### PROBLEM DESCRIPTION
Copy the data exactly. Images are to be left out.

### RECORDED DATA
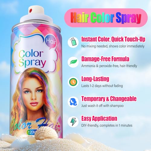 Click for More Images 1. Temporary & Washable Hair Color Spray--Easy to Remove – Washes out with shampoo in 1-3 washes, no long-term commitment. ,No Damage – Ammonia-free, peroxide-free, and non-destructive to natural hair.2.Natural...
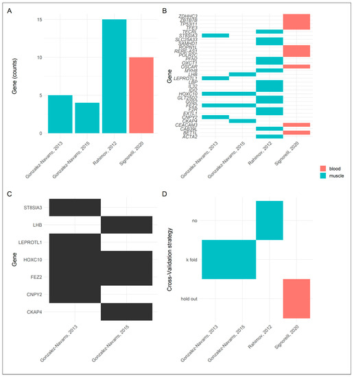 A comparison of gene-expression-based AI models with data attained from (Gonza-lez-Navarro et al., 2013 [117], Gonza-lez-Navarro et al., 2015 [118], Rahimov 2012 [81] and Signorelli 2020 [103]). (A) Bar plot indicating the number of DEGs found in the considered studies. Up to 15 DEGs representing potential biomarkers for FSHD were identified across 4 studies. (B) Tile plot indicating which genes were found by the considered studies. All of the genes identified in blood (red) were not retrieved in the other studies based on muscle biopsies (blue), and this may be due to the different levels of gene expression of the two biological samples. However, only two genes of 15 were identified both from Gonzalez-Navarro et al., 2013 and Gonzalez-Navarro et al., 2015 across the experiments performed on muscle data. (C) Tile plot with a focus on the studies by Gonzalez-Navarro et al. The studies proposed by these authors were performed on the same dataset and used the same SVM algorithm. Despite these favorable conditions, only 2 out of 7 DEGs were confirmed. (D) Tile plot to visualize the cross-validation strategies used in FSHD vs. HD modeling, suggesting that the performance metrics used may be inflated by the low sample size (12 < n < 54).
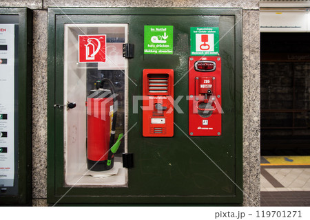 オーストリア ウィーンの地下鉄のホームにある防災設備 消火器、緊急通報システム、緊急停止システム

### RESULT OF THIS TASK
 Click for More Images 1. Temporary & Washable Hair Color Spray--Easy to Remove – Washes out with shampoo in 1-3 washes, no long-term commitment. ,No Damage – Ammonia-free, peroxide-free, and non-destructive to natural hair.2.Natural...
 A comparison of gene-expression-based AI models with data attained from (Gonza-lez-Navarro et al., 2013 [117], Gonza-lez-Navarro et al., 2015 [118], Rahimov 2012 [81] and Signorelli 2020 [103]). (A) Bar plot indicating the number of DEGs found in the considered studies. Up to 15 DEGs representing potential biomarkers for FSHD were identified across 4 studies. (B) Tile plot indicating which genes were found by the considered studies. All of the genes identified in blood (red) were not retrieved in the other studies based on muscle biopsies (blue), and this may be due to the different levels of gene expression of the two biological samples. However, only two genes of 15 were identified both from Gonzalez-Navarro et al., 2013 and Gonzalez-Navarro et al., 2015 across the experiments performed on muscle data. (C) Tile plot with a focus on the studies by Gonzalez-Navarro et al. The studies proposed by these authors were performed on the same dataset and used the same SVM algorithm. Despite these favorable conditions, only 2 out of 7 DEGs were confirmed. (D) Tile plot to visualize the cross-validation strategies used in FSHD vs. HD modeling, suggesting that the performance metrics used may be inflated by the low sample size (12 < n < 54).
 オーストリア ウィーンの地下鉄のホームにある防災設備 消火器、緊急通報システム、緊急停止システム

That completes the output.